About this exercise = Could you return every record below exactly as it stands, leaving out the pictures?

Material provided =

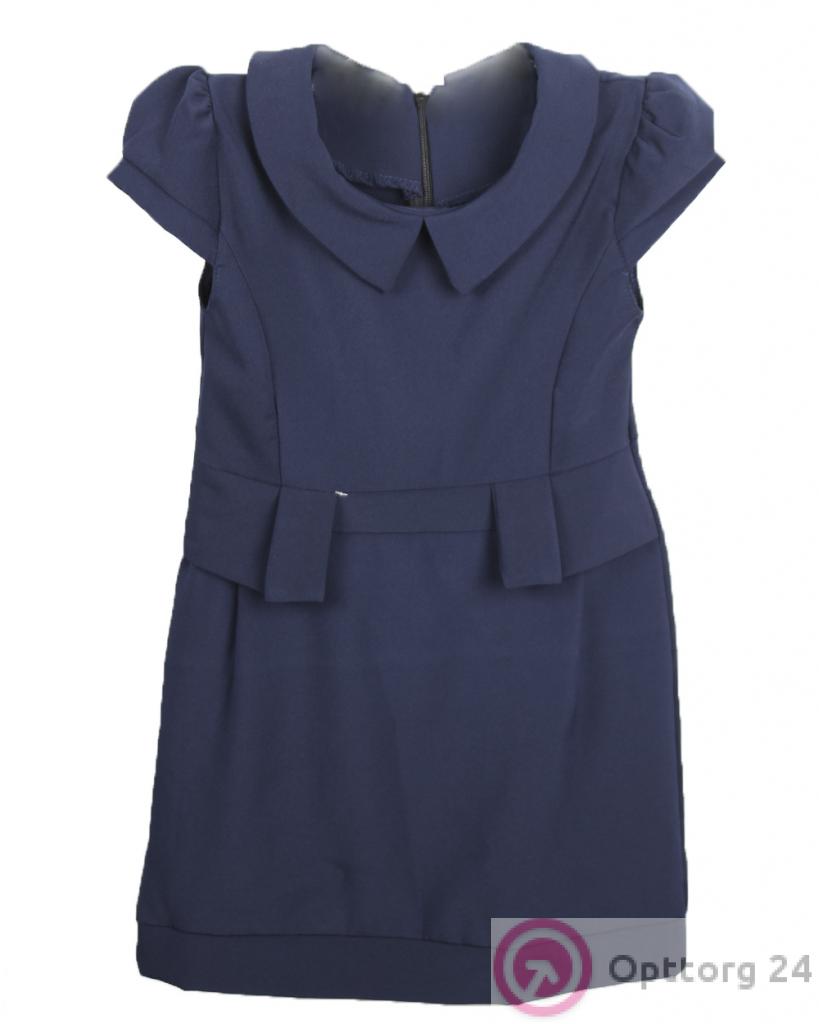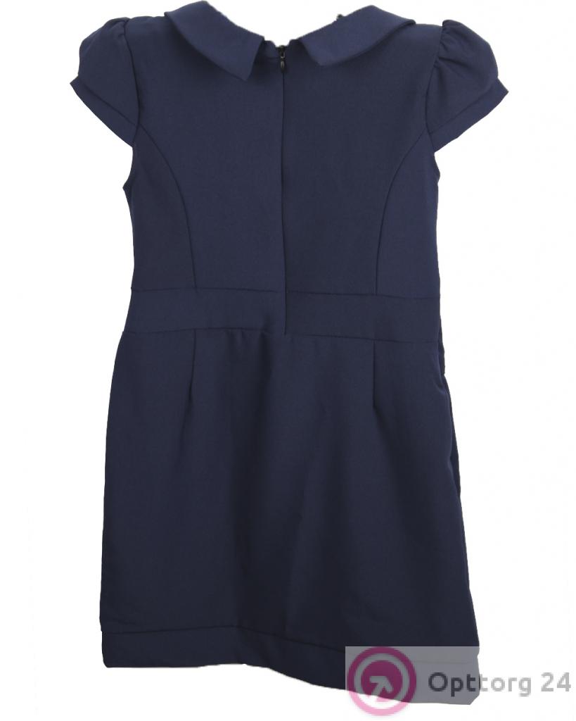 Детский сарафан прямого кроя для девочки. Модель тёмно-синего цвета с коротким рукавом.
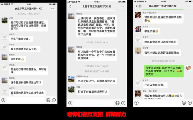 从2月9日学校发布《关于在“泛雅网络教学”平台中激活课程的通知》以后,我们的老师从刚开始的焦虑,到接受专题培训后的跃跃欲试,再到在线教学测试时的忐忑不安,再到正式开讲时的兴奋和释然,心情就像过山车一般。半个月来,微信群里都是这个话题,有急切求助后解决问题的欣喜,有小试牛刀后的小得意,还有相互鼓励、相互支招的温馨场面……终于到了3月2日在线开学第一天,老师们使出浑身解数、用上十八般武器,线上授课平稳顺利。
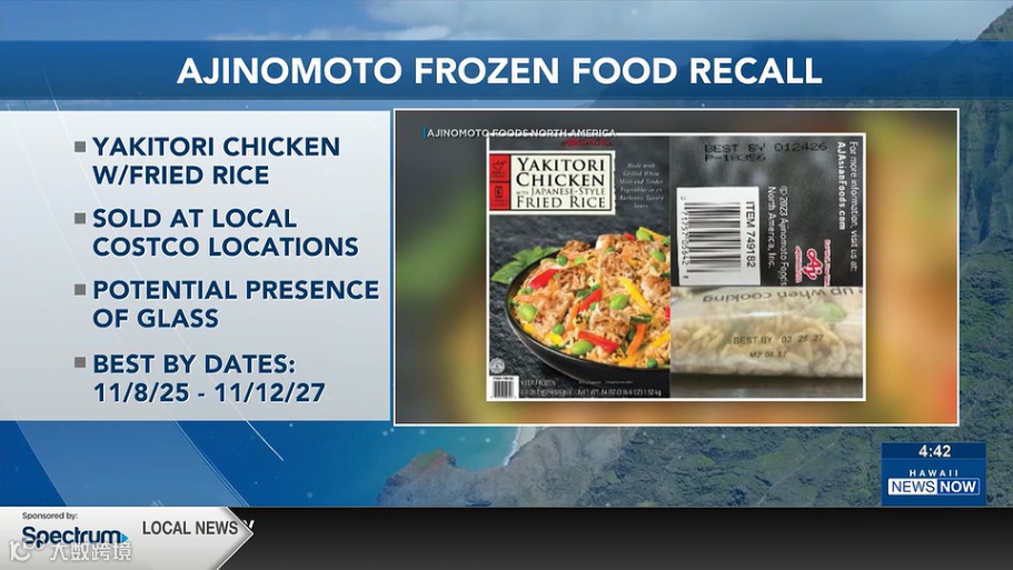 援引夏威夷即時新聞:部分Costco會員已收到召回通知,原因是產品可能含有玻璃碎片。部分顧客已收到電子郵件,部分顧客則接到電話。此次召回的產品為2024年12月3日至2026年2月20日期間購買的味之素烤雞配日式炒飯。味之素食品北美公司與美國農業部合作,宣佈自願召回部分批次的味之素烤雞配日式炒飯,原因是產品中可能含有玻璃碎片。受影響產品的保質期編碼範圍為2025年11月8日至2027年1月12日。保存期限印在包裝盒側面或單包裝袋上,格式為MMDDYY(月、日、年)。
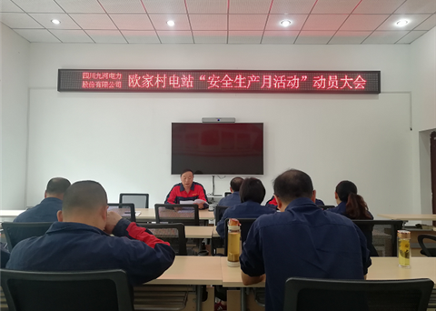 6月4日,欧家村电站“安全生产月”活动动员大会在欧家村电站会议室召开,会议由公司安全生产领导小组成员、欧家村电站站长冯志华主持。电站生产办、综合办和运维班全体人员参加了动员大会。会上,站长冯志华领学了《关于2020年全省“安全生产月”和“安全生产天府行”活动的通知》(川安办〔2020〕33号)、《关于开展2020年宜宾市“安全生产月”活动的通知》(宜安办〔2020〕50号)和《关于印发“消除事故隐...
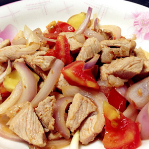 原料:洋葱一个,里脊肉250克,剁辣椒一大勺,生抽一大勺,料酒一小勺,淀粉少许,盐一小勺。
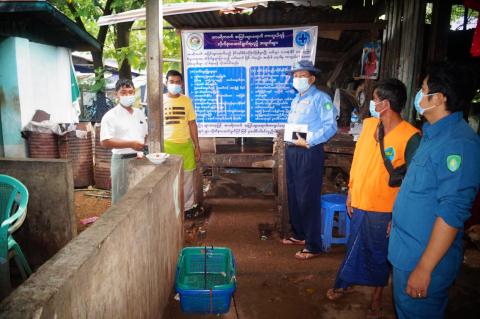ကြာအင်းဆိပ်ကြီးမြို့ မြို့မဈေးအတွင်း၌ အာဖရိကဝက်အပြင်းဖျားရောဂါ အသိပညာပေးခြင်း ဗီနိုင်းပိုစတာကပ်ခြင်းနှင့် လက်ကမ်းစာစောင်များဖြန့်ဝေ
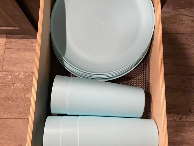 kitchen essentials (pots, pans, plates, cups, eating utensils, cooking utensils, dish soap, sponge, cutting board, strainer)
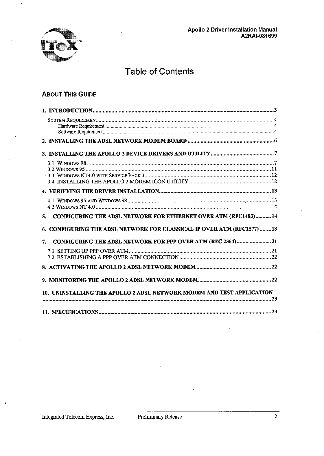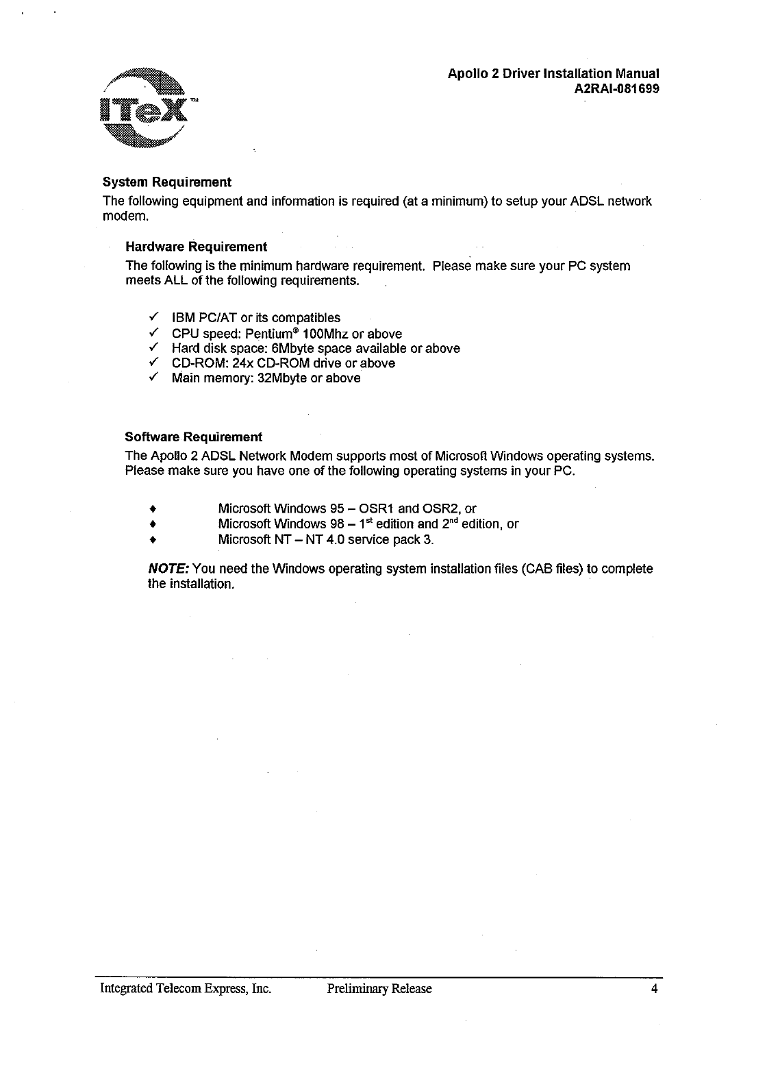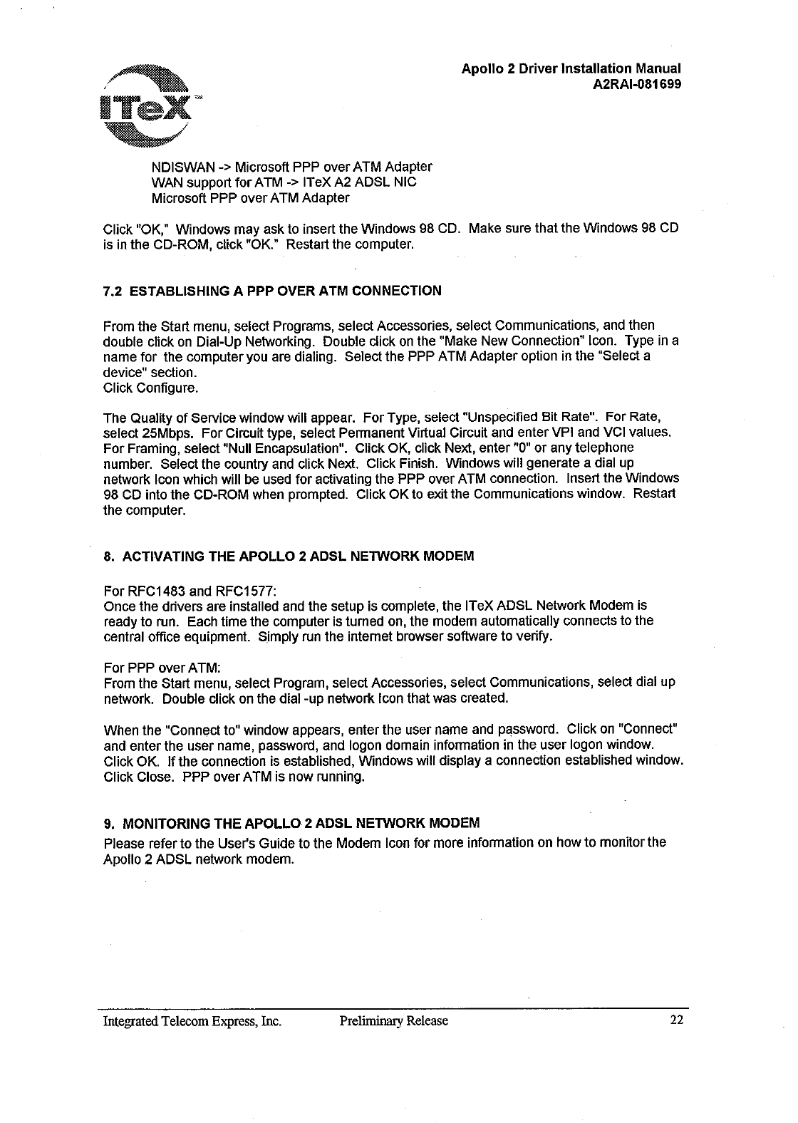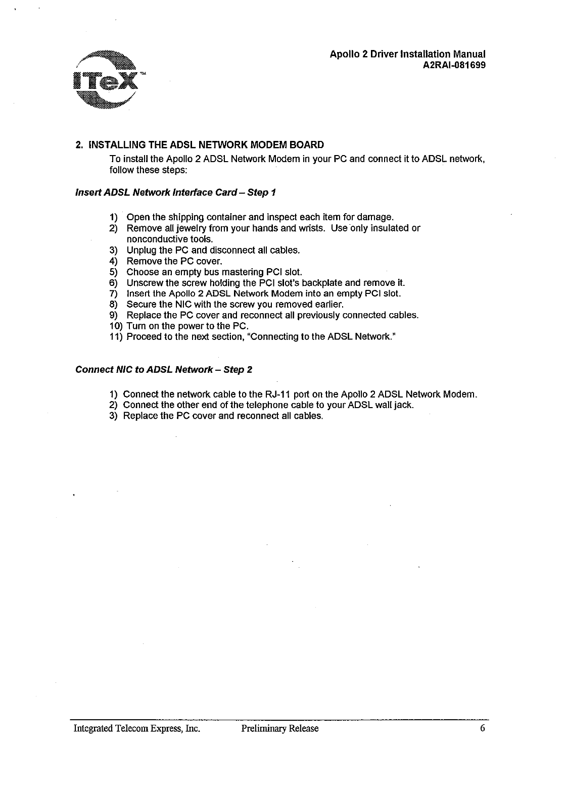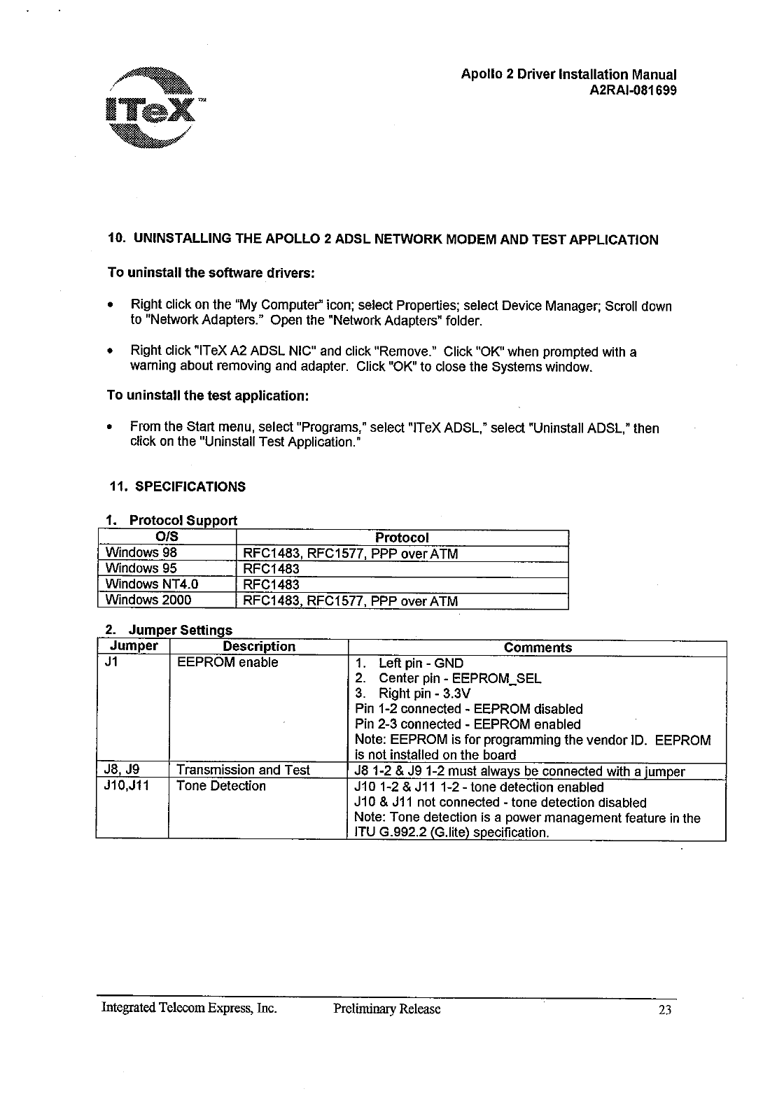 CIS Technology WSAD80PSI ITeX Apollo II ADSL Modem User Manual

Task result =
 Детский сарафан прямого кроя для девочки. Модель тёмно-синего цвета с коротким рукавом.
 从2月9日学校发布《关于在“泛雅网络教学”平台中激活课程的通知》以后,我们的老师从刚开始的焦虑,到接受专题培训后的跃跃欲试,再到在线教学测试时的忐忑不安,再到正式开讲时的兴奋和释然,心情就像过山车一般。半个月来,微信群里都是这个话题,有急切求助后解决问题的欣喜,有小试牛刀后的小得意,还有相互鼓励、相互支招的温馨场面……终于到了3月2日在线开学第一天,老师们使出浑身解数、用上十八般武器,线上授课平稳顺利。
 援引夏威夷即時新聞:部分Costco會員已收到召回通知,原因是產品可能含有玻璃碎片。部分顧客已收到電子郵件,部分顧客則接到電話。此次召回的產品為2024年12月3日至2026年2月20日期間購買的味之素烤雞配日式炒飯。味之素食品北美公司與美國農業部合作,宣佈自願召回部分批次的味之素烤雞配日式炒飯,原因是產品中可能含有玻璃碎片。受影響產品的保質期編碼範圍為2025年11月8日至2027年1月12日。保存期限印在包裝盒側面或單包裝袋上,格式為MMDDYY(月、日、年)。
 6月4日,欧家村电站“安全生产月”活动动员大会在欧家村电站会议室召开,会议由公司安全生产领导小组成员、欧家村电站站长冯志华主持。电站生产办、综合办和运维班全体人员参加了动员大会。会上,站长冯志华领学了《关于2020年全省“安全生产月”和“安全生产天府行”活动的通知》(川安办〔2020〕33号)、《关于开展2020年宜宾市“安全生产月”活动的通知》(宜安办〔2020〕50号)和《关于印发“消除事故隐...
 原料:洋葱一个,里脊肉250克,剁辣椒一大勺,生抽一大勺,料酒一小勺,淀粉少许,盐一小勺。
ကြာအင်းဆိပ်ကြီးမြို့ မြို့မဈေးအတွင်း၌ အာဖရိကဝက်အပြင်းဖျားရောဂါ အသိပညာပေးခြင်း ဗီနိုင်းပိုစတာကပ်ခြင်းနှင့် လက်ကမ်းစာစောင်များဖြန့်ဝေ
 kitchen essentials (pots, pans, plates, cups, eating utensils, cooking utensils, dish soap, sponge, cutting board, strainer)
 CIS Technology WSAD80PSI ITeX Apollo II ADSL Modem User Manual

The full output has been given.